Retrospective cohort studies have shown that statin use in rectal cancer patients undergoing neoadjuvant chemoradiotherapy appears to confer higher pathological regression rates [30, 31]. Results of the present study have identified a subgroup of patients with KRAS mutated mCRC located at recto-sigmoid colon as a candidate subgroup of patients that may benefit from statin treatment in association with adjuvant chemotherapy.

Studies evaluating the role of dyslipidemia in CRC patients outcomes have yielded conflicting results [32, 33], with some studies highlighting better survival with high serum cholesterol.

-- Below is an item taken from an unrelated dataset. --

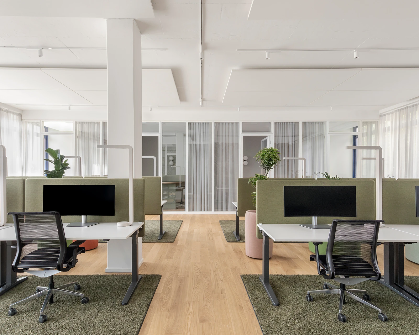 Dabei unterscheiden sich Arbeitsorte ähnlicher Funktionalität in Farbe, Form und Ausstattung - es stehen individuelle Wahlmöglichkeiten zu Verfügung. Ein hoher Grad an Transparenz mit gleichzeitiger Möglichkeit konzentriert arbeiten zu können, unterstützt das Zusammenkommen und Zusammengehörigkeitsgefühl. Warmen Farbtöne sowie Holz- und Glasflächen dominieren in den Büroflächen.
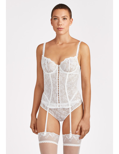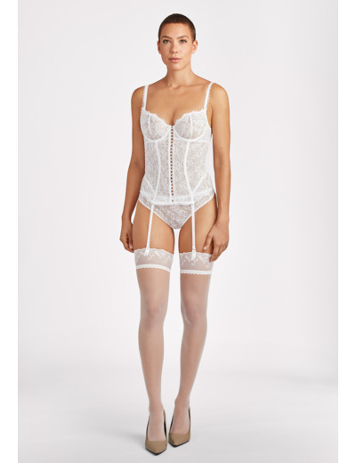 Sexy et élégante, la guêpière conjugue tous les atouts d’un bustier et d’un porte-jarretelles. Son décolleté assurant un maintien et un confort parfaits se poursuit le long de la taille pour une féminité affirmée.

In the present study survival analysis in 22 patients with KRAS mutated recto-sigmoid cancer stage IV at diagnosis revealed a trend towards better survival in patients with low chol:HDL ratio compared to patients with high chol:HDL ratio (p = 0.06). In a subgroup analysis comparing mCRC patients in treatment with statins versus non statin users stratified by tumour location (recto-sigmoid versus non recto-sigmoid colon, right colon versus left colon, colon versus rectum) and KRAS status, we did not observe improved survival in CRC patients in treatment with statins. It is noteworthy that mean cholesterol and chol:HDL ratio in patients with recto-sigmoid cancers treated with statins were above therapeutic target levels (5.1 mmol/l and 3.6 respectively), suggesting that suboptimal treatment of dyslipidemia may have been responsible of the lack of expected improved survival observed in such patients in treatment with statins (Supplementary File Table 4). It is plausible that the effect of statins on a subset of CRC patients outcomes is related to its lipid lowering effect.

In patients with KRAS mutated recto-sigmoid cancer stage III at diagnosis, high chol:HDL ratio was associated with better survival. These results are in line with previous studies demonstrating that dyslipidemia resulted in improved survival in patients with non-metastatic CRC [34]. The mechanisms underlying the protective effect of dyslipidemia in non-mCRC remain elusive. Serum cholesterol levels have been demonstrated to decline prior to diagnosis of CRC [35], likely related to actively proliferating and aggressive cancer cells, which utilize host lipids for proliferation and survival. High serum lipid levels, in the setting of non-mCRC, may reflect a less aggressive cancer phenotype.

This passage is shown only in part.